3.2. Involuted Richards Growth

Now, let us focus our attention to the general expressions (19) and (20) with $\psi \left(t\right)=M\left(t\right)$ and $M(t=0)=m_0$ for $a<b$

$$M\left(t\right)=m_0{\displaystyle \frac{exp\left[ac(t-t_0)\right]cosh{\left[c(t-t_0)\right]}^{-b}}{exp\left(-ac{t}_0\right)cosh{\left(-c{t}_0\right)}^{-b}}},$$

(33)

$$M\left(t\right)=m_0{\displaystyle \frac{exp\left[(a-b)ct)\right]{\left\{1+exp[-2c(t-t_0)]\right\}}^{-b}}{{\left[1+exp\left(2c{t}_0\right)\right]}^{-b}}}.$$

(34)

They represent a family of curves whose shape depends on the value of a-parameter in relation to b.
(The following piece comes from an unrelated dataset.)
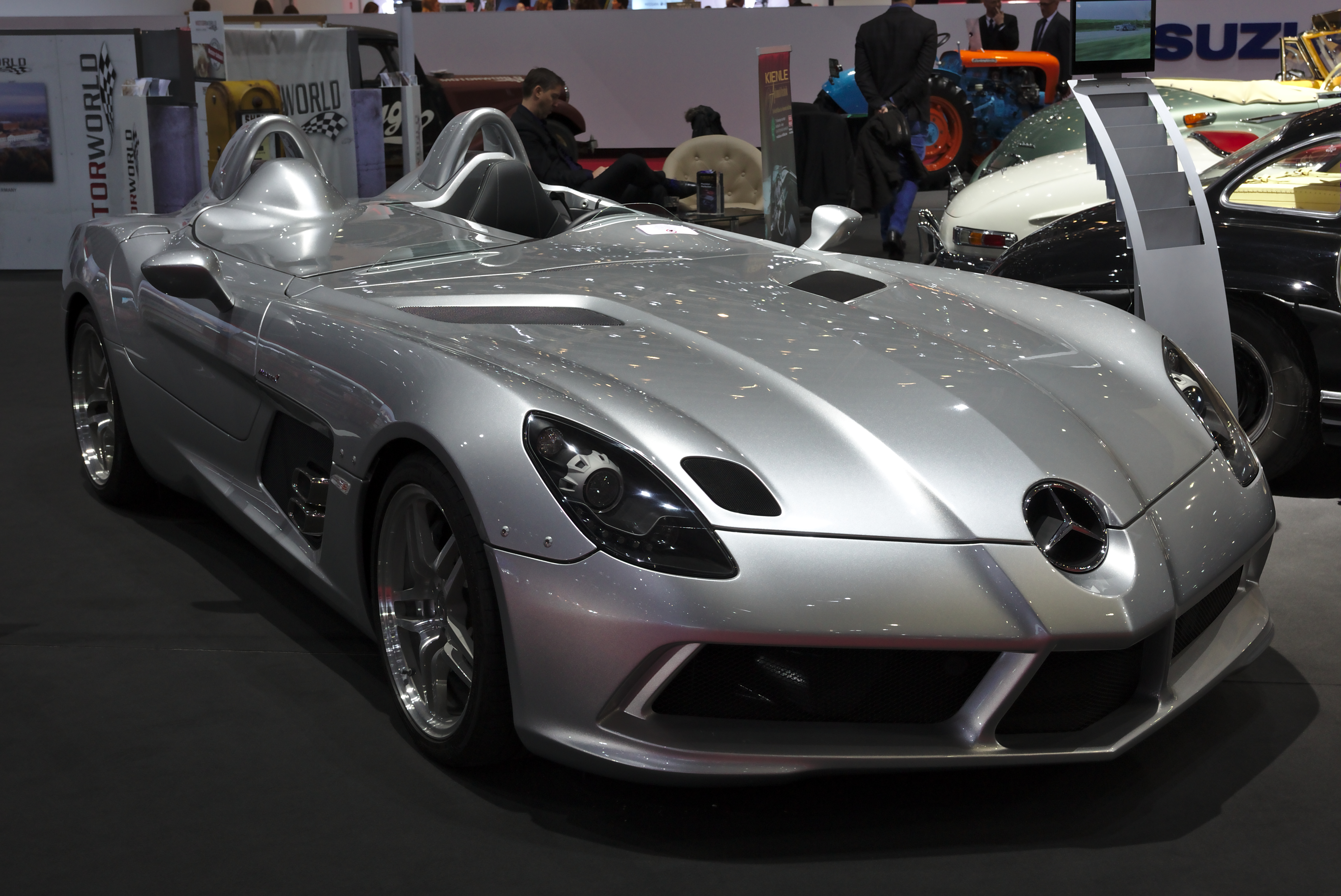 Mercedes-Benz SLR McLaren Stirling Moss at Geneva Motor Show 2019

For $a=b$, one always obtains the sigmoid Richards curve, whereas for $a<b$, formulae (33) and (34) describe the systems which undergo involution in the course of time (e.g., thymus in mammals or bursa of Fabricius in birds). The plots of function (34) for different values of a in relation to fixed b are presented in Figure 1. Its analysis reveals that the shape of the involuted Richards curves depends on the difference $d=b-a$ between parameters defining the model. Consequently, one may rewrite (33) in the form of an involuted Richards function $m\left(t\right)$:

$$M\left(t\right)=exp\left[(a-b)ct\right]m\left(t\right),a<b$$

(35)

in which $M\left(t\right)\to m\left(t\right)$ for $b\to a$ stands for the sigmoidal Richards growth model (27). The function (35) satisfies the kinetic equation of the involuted growth:

$$\left\{{\displaystyle \frac{d}{dt}}+cbtanh\left[c(t-t_0)\right]-ca\right\}M\left(t\right)=0$$

(36)

as it is a generalized form of the expression (30).

Because ${lim}_{t\to \infty }M\left(t\right)=0$, hence, in the analysis of the data for the systems with asymptotic behavior ${lim}_{t\to \infty }M\left(t\right)=f$, the modified function (35)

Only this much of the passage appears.